William Morrow Group president and publisher Liate Stehlik confided that she has made a limited effort to acquire fiction from Dean Koontz, who has published on, because his sales are declining.

Award-winning author Andrew Solomon explained that he chose to publish his acclaimed Noonday Demon with Scribner, an imprint of Simon & Schuster, in part because Scribner has the sales and marketing resources that smaller companies lack.

Penguin Books president and publisher Brian Tart agreed with the judge’s suggestion that profit and loss estimates for potential book acquisitions are “really bogus” and do not reflect actual costs. Tart also testified that he passed on the bid for Marie Kondo’s million-selling “The Life-Changing Magic of Tidying Up” because he “didn’t know what to do with it.”

Simon & Schuster CEO Jonathan Karp has acknowledged that a popular industry term, “midlist author,” long associated with a broad and fearless body of noncommercial writers, a sort of publishing middle class, is essentially fictitious and a polite way of not labeling any writer “low list.”

Asked by the judge, Karp also said that while publishers appreciate all the books they acquire, books acquired for excessive advances — money guaranteed to the author regardless of how the book sells — require special consideration.

“If you really love the book, you have to jump through hoops,” he said.

At times, a glossary may have been needed to follow some common industry terms:

— Winning. This is when a book sells enough to recoup the advance paid and the author can start collecting royalties, although some books can make a profit for the publisher even when they don’t. (Most new books, executives acknowledged, don’t win.)

—Back list. This refers to older books, an invaluable resource for publishers, who rely on them as steady sources of revenue.

-BEAUTY CONTEST. This happens when two or more publishers offer similar advances and non-financial terms such as marketing skills or the attractiveness of working with a particular editor determine who wins.

—10% overlap. This refers to when an agent asks the publisher to not just match the highest competitive offer, but to add 10% more.

— All Access Books: As Dohle defines, these are books so cheap, like those offered by through its Kindle Unlimited e-book subscription service, that they hurt the industry as a whole by driving down prices and, inevitably, authors moving on.

Witnesses from Dohle to Hachette Book Group CEO Michael Pietsch spoke at length about their love for the business and what they said was the higher mission of bringing ideas and stories to the public. But publishing is a for-profit business, and even the most idealistic writers and executives are alert to the bottom line.

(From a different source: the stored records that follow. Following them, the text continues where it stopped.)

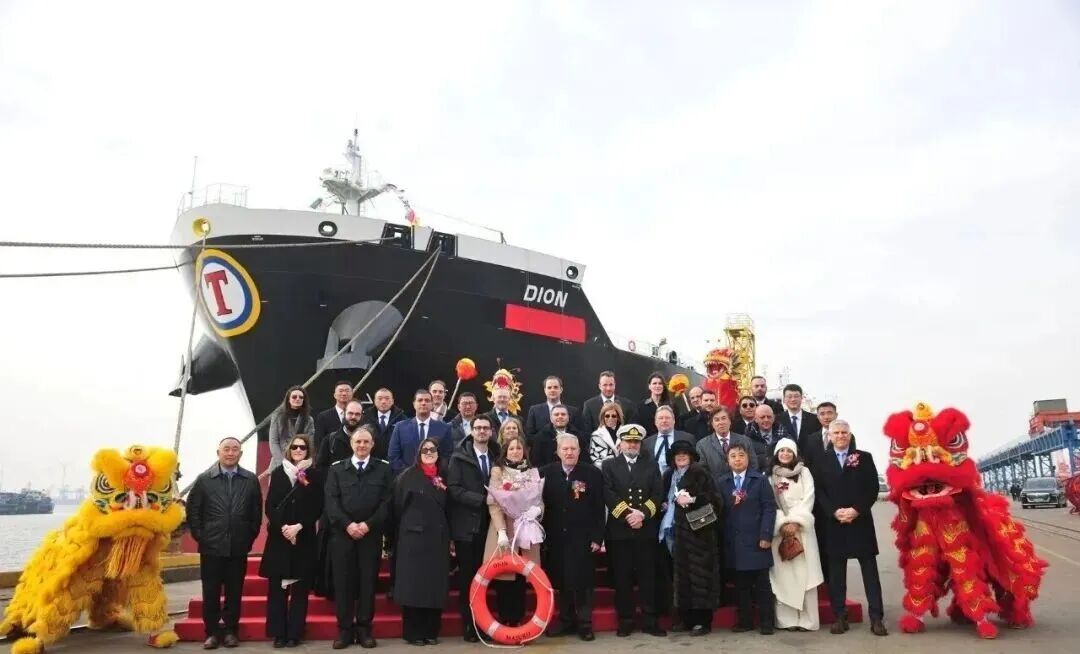 The naming ceremony for the vessel was held on January 12. On that day, Mr. Georges Agostis, Project Manager of the New Shipbuilding Department of TSAKOS, and Mr. Du Chengzong, Vice General Manager of Yangzijiang Shipbuilding Group and General Manager of New Yangzijiang Shipbuilding, signed the delivery documents for the “DION” vessel on behalf of their respective parties.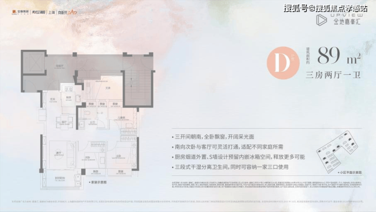 先来看看建面约89㎡三房两厅一卫(D户型),不仅功能完备,而且很好地把控了总价,约350万起即可上车高配品质三房,空间感十足!⫸⫸⫸金地嘉峯汇售楼处电话: 400-8787-740【已认证】⫷⫷⫷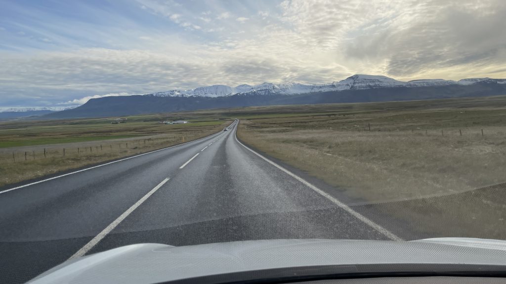 Ich fahre weiter Richtung Akureyri, und muss aber noch in Stadarskali laden. Es sind nun draussen -1°C, und ich bekomme eine Reifendruck Warnung. Es ist zu kalt, der Reifendruck ist gesunken.

Through internal emails, depositions, and live and videotaped testimony, the trial revealed internal rules and strategies about book acquisition and the frustrations when a desired book goes elsewhere.

At Simon & Schuster, editors must submit “justification” reports to senior management to get approval for deals worth $200,000 to $250,000 or more. At the William Morrow Group, a division of HarperCollins, the number is $350,000. Tart also requires approval for deals of $250,000 or more, while Dohle testified that he must sign deals of $2 million or more.

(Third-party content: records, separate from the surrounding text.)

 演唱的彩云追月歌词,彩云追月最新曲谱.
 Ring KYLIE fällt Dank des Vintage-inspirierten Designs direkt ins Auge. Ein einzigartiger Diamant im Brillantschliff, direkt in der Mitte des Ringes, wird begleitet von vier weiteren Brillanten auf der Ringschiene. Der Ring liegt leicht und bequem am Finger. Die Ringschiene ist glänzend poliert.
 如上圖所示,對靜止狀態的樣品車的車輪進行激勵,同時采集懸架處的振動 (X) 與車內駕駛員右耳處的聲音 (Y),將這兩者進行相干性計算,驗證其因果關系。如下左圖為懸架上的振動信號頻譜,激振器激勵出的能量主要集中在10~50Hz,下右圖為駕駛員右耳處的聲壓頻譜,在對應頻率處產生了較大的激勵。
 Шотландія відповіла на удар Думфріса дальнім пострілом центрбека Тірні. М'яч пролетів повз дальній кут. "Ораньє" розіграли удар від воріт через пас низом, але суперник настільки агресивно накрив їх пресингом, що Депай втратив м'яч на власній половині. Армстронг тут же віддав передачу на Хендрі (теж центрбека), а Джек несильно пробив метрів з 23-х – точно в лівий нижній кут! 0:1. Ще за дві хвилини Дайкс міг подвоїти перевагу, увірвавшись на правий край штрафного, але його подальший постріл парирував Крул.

Publishers love to share stories of beloved acquisitions. Pietsch’s series from David Foster Wallace to Keith Richards. The Karps include the late Sen. Edward Kennedy, D-Mass. and Bruce Springsteen.

But the trial highlighted frustrations and missed opportunities — a source of “gallows humor,” as Tart called it. It not only passed Kondo’s book but also Delia Owens’ blockbuster Where the Crawdads Sing. At Hachette, they maintain a list of “The Ones That Got Away,” deals for which the publisher bid $500,000 or more, but lost.

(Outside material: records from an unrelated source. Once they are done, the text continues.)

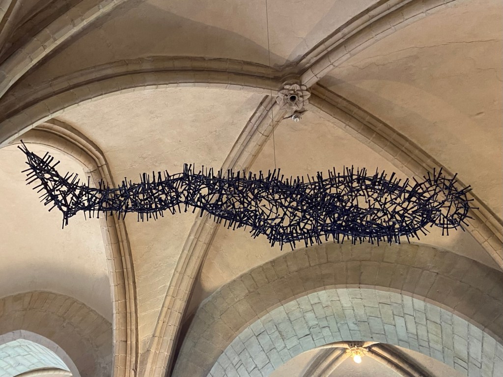 Iron nails from the Cathedral’s roof form the compelling shape of a floating body, just over two meters long. The nails pass from the outside inwards, and the inside outwards.  The sculpture is suspended in perfect balance from a single cord above the place where Thomas à Becket’s first tomb was built.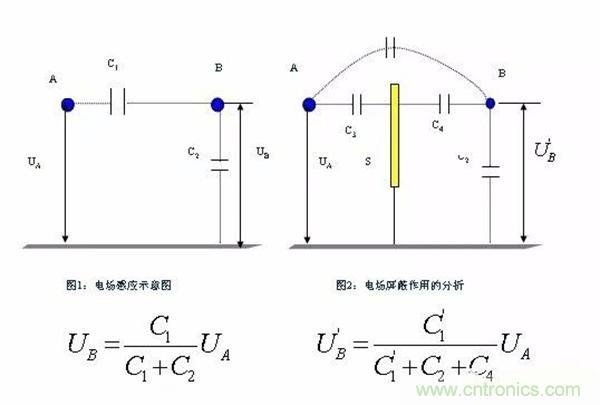 如圖對照:輸入和輸出的電場干擾可以通過電容傳輸耦合,若增加屏蔽板,則增加了C4的大小,并且C1也會減小,對電場干擾起到衰減的目的;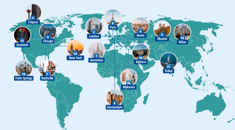 They might not have made the top 10, but Dubai, Anaheim, New York, Milan, Palm Springs, and Mykonos have also made the global list for city breaks and should certainly be up for discussion for your next trip.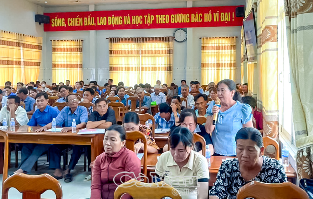 Đại diện cán bộ chủ chốt ấp, khóm phát biểu tại hội nghị.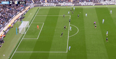 第58分钟,奥赖利送出传中,哈兰德高高跃起头槌破门!曼城1-0埃弗顿
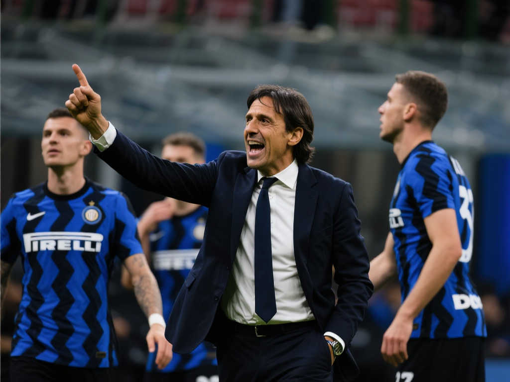 暴雨如注,西蒙尼·因扎吉边线激情指挥,激励国米将士奋战!

Karp testified that Simon & Schuster had outbid Hachette for a new book by Ben Carson, the famed neurosurgeon who was former President Donald Trump’s housing secretary. At one point, the Justice Department cited internal emails to show that Simon & Schuster had lost three bidding contests to Penguin Random House in a single week.

Karp also talked about a book he acquired, an expected work by a spiritual leader with a large following.

“Unfortunately, his followers didn’t follow him to the bookstore,” Karp said.


AP Business writer Marcy Gordon in Washington contributed to this report.